**Task:** Within the material below, transcribe exactly the lines from the one holding "Призер Национального конкурса" through the one holding "A cityscape in", keeping both ends and skipping the rest.

**Extracted records:**

◇ ◇ ◇

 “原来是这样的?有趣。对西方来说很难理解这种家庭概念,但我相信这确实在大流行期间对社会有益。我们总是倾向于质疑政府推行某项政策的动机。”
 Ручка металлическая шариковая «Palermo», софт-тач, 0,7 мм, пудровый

◇ ◇ ◇

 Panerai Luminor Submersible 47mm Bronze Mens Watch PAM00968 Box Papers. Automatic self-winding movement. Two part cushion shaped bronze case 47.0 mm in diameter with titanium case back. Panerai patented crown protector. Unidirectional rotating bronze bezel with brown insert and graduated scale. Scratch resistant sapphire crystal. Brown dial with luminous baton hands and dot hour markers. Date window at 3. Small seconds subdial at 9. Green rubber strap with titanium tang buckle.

◇ ◇ ◇

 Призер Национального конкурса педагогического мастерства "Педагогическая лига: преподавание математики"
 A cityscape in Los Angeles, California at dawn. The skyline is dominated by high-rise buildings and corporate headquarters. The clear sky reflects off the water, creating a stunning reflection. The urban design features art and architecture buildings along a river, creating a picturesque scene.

◇ ◇ ◇

**Answer space:**
 Призер Национального конкурса педагогического мастерства "Педагогическая лига: преподавание математики"
 A cityscape in Los Angeles, California at dawn. The skyline is dominated by high-rise buildings and corporate headquarters. The clear sky reflects off the water, creating a stunning reflection. The urban design features art and architecture buildings along a river, creating a picturesque scene.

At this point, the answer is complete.